### SUPPLIED MATERIAL
+ + + + +

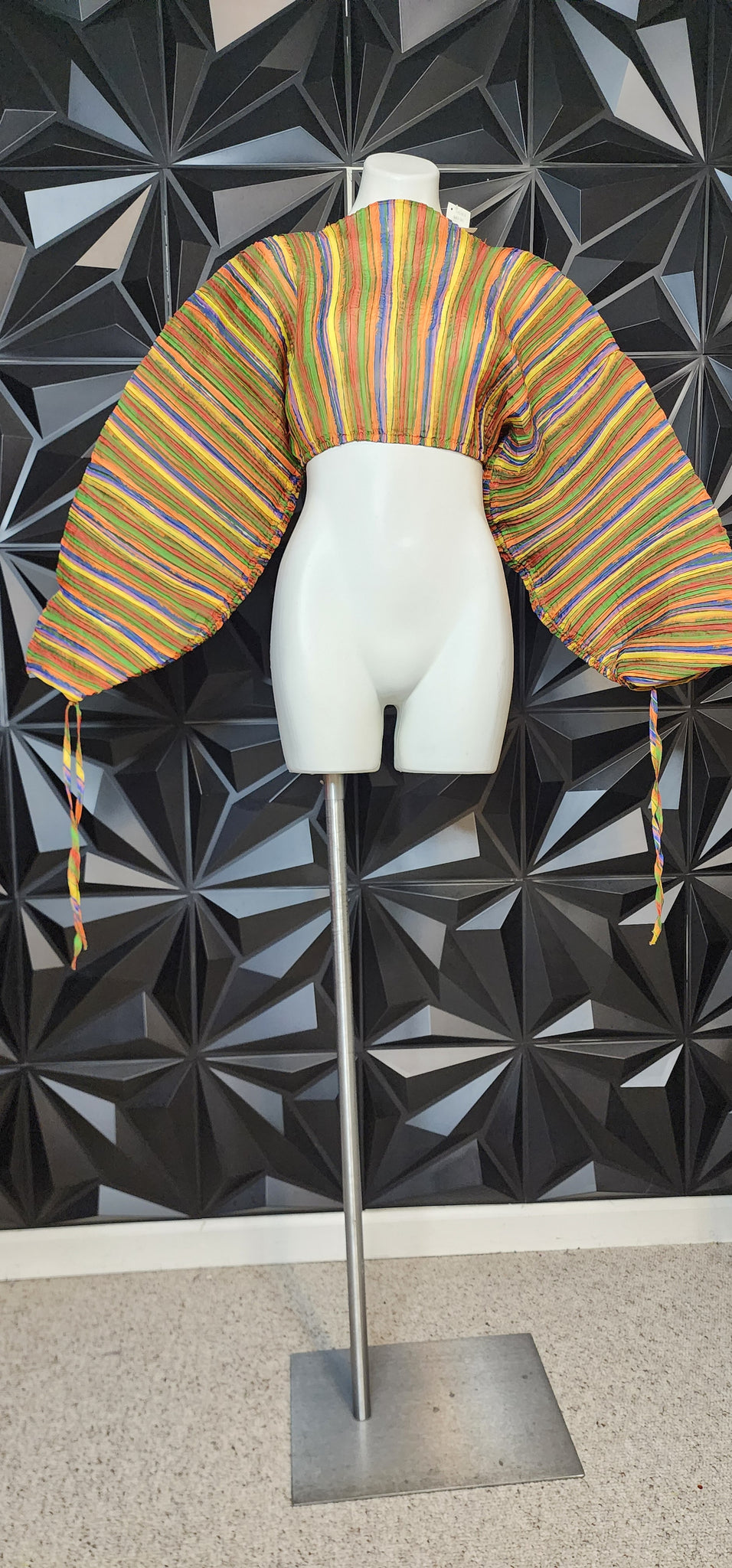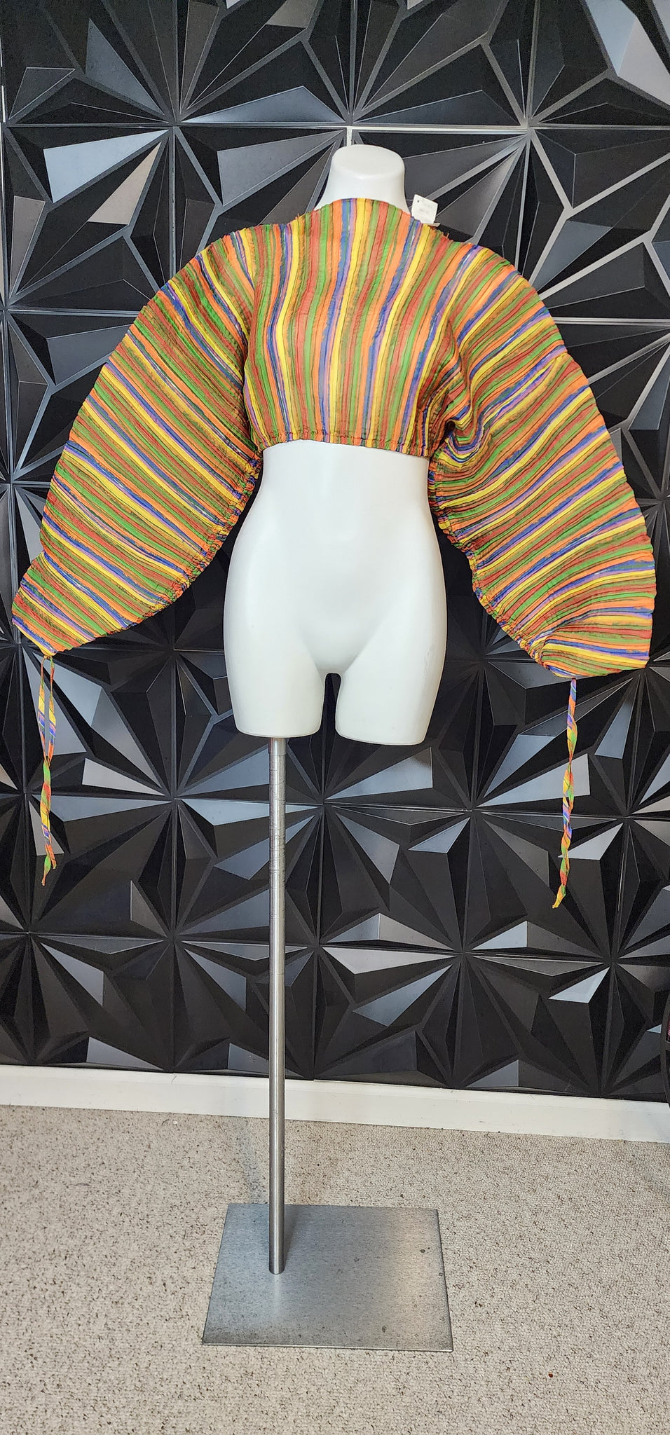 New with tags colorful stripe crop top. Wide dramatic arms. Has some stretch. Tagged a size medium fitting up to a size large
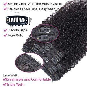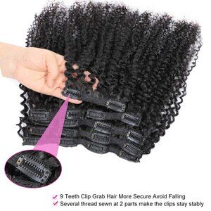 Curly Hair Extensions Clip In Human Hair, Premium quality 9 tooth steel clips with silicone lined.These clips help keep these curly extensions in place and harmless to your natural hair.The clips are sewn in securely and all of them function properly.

+ + + + +

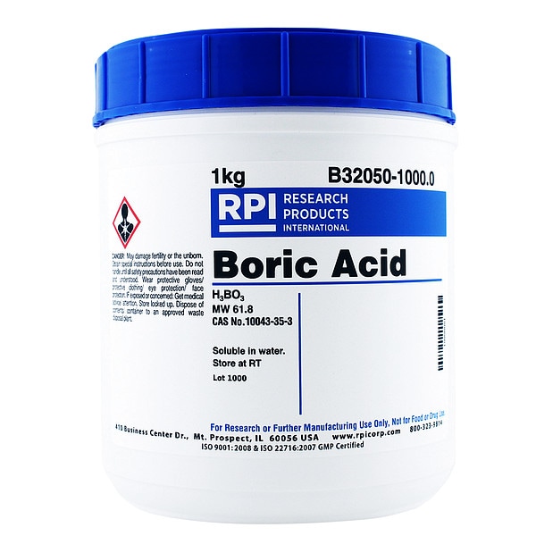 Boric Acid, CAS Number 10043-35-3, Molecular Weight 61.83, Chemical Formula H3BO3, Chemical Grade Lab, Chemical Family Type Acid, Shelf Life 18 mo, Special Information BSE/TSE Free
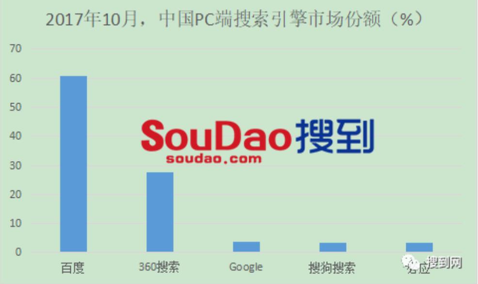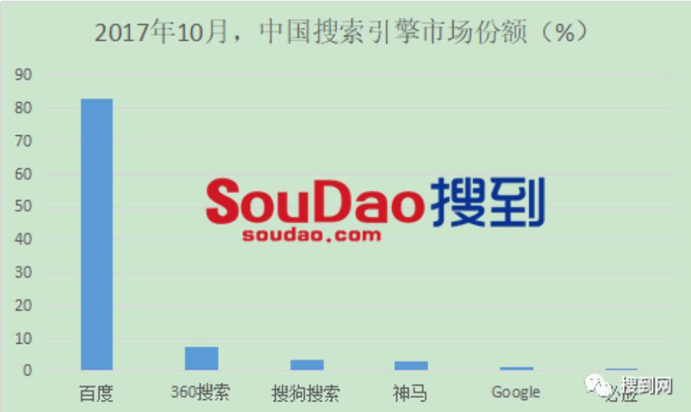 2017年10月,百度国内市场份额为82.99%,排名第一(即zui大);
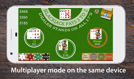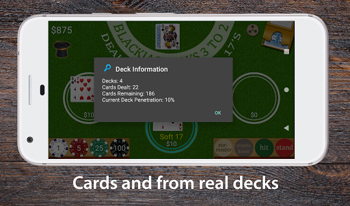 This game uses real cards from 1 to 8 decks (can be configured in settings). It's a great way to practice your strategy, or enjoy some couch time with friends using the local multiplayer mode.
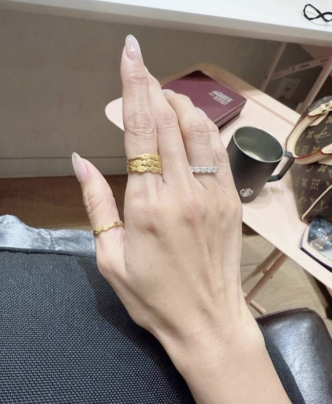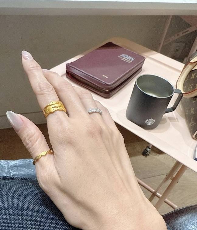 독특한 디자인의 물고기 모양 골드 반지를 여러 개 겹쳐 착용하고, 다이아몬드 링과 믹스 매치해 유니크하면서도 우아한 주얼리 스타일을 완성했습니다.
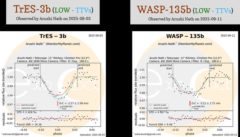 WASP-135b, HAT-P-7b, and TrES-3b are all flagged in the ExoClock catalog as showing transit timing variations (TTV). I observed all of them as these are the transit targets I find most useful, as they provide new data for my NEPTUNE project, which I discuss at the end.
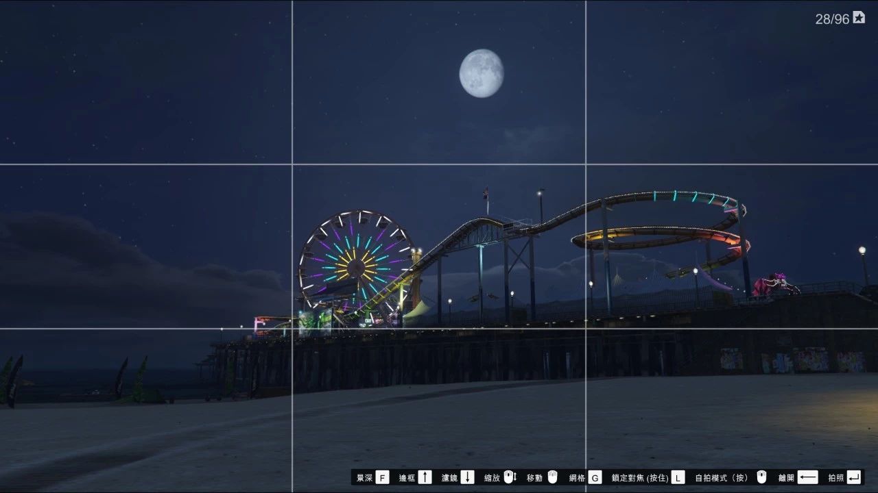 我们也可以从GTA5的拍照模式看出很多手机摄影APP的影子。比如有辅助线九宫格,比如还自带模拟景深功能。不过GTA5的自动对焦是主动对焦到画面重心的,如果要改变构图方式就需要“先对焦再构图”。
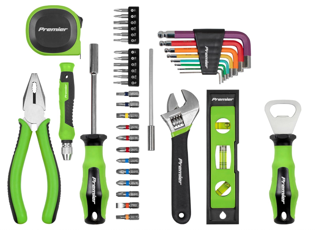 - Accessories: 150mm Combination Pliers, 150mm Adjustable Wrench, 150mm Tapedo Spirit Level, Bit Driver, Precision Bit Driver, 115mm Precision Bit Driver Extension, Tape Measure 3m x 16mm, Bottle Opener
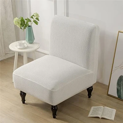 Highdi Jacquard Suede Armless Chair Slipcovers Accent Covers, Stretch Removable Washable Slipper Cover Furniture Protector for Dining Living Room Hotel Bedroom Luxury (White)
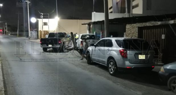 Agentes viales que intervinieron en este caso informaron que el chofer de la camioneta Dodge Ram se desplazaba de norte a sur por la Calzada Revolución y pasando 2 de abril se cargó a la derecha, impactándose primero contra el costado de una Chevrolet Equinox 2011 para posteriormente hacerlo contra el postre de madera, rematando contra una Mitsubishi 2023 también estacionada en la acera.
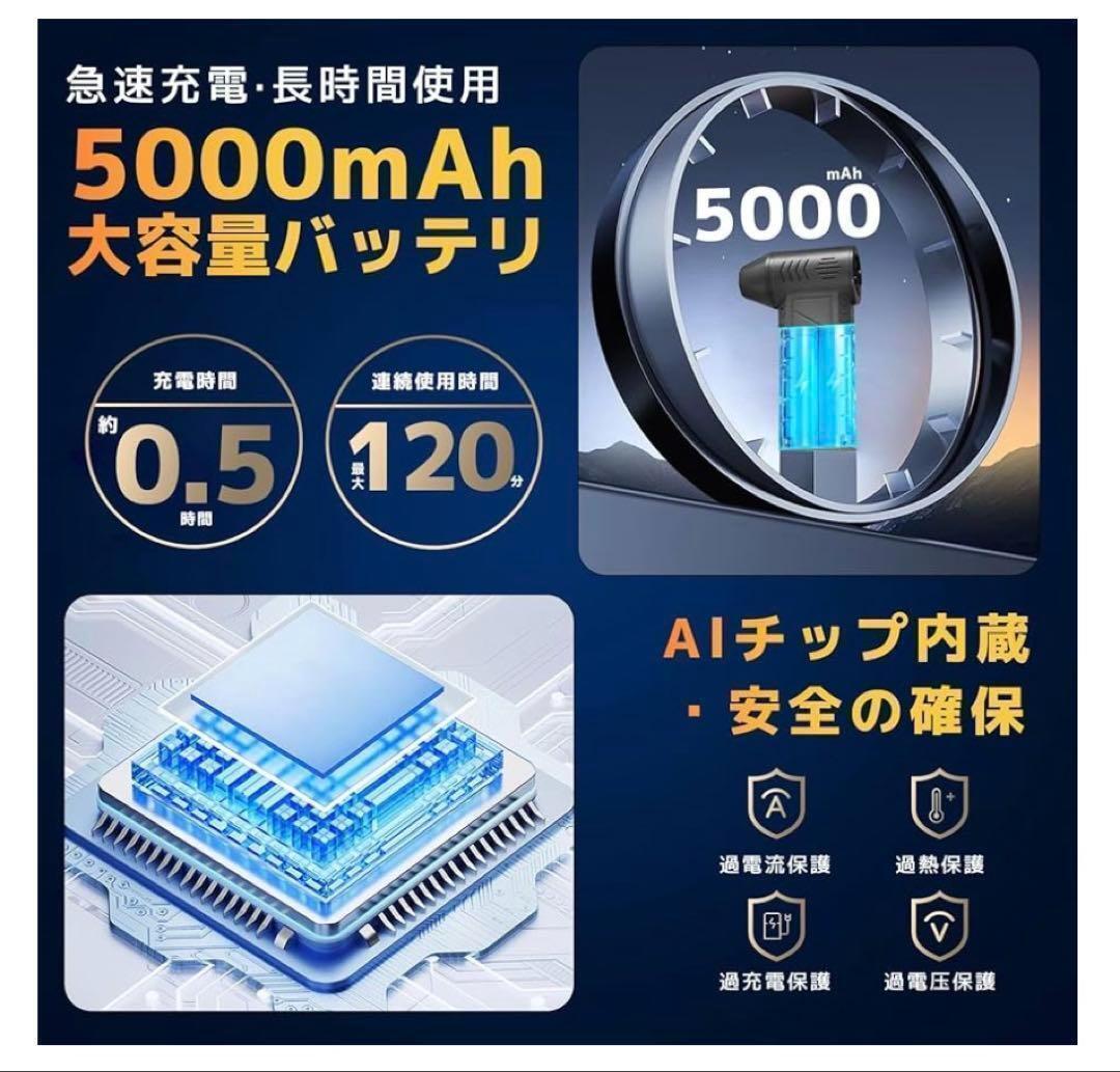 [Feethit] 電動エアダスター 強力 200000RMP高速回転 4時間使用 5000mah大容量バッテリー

+ + + + +

### DIRECTIONS FOR THIS TASK
Above, find the line with "New with tags"; copy it and every line down to the line with "Curly Hair Extensions", exactly and both included, but no pictures.

### TASK RESPONSE
 New with tags colorful stripe crop top. Wide dramatic arms. Has some stretch. Tagged a size medium fitting up to a size large
 Curly Hair Extensions Clip In Human Hair, Premium quality 9 tooth steel clips with silicone lined.These clips help keep these curly extensions in place and harmless to your natural hair.The clips are sewn in securely and all of them function properly.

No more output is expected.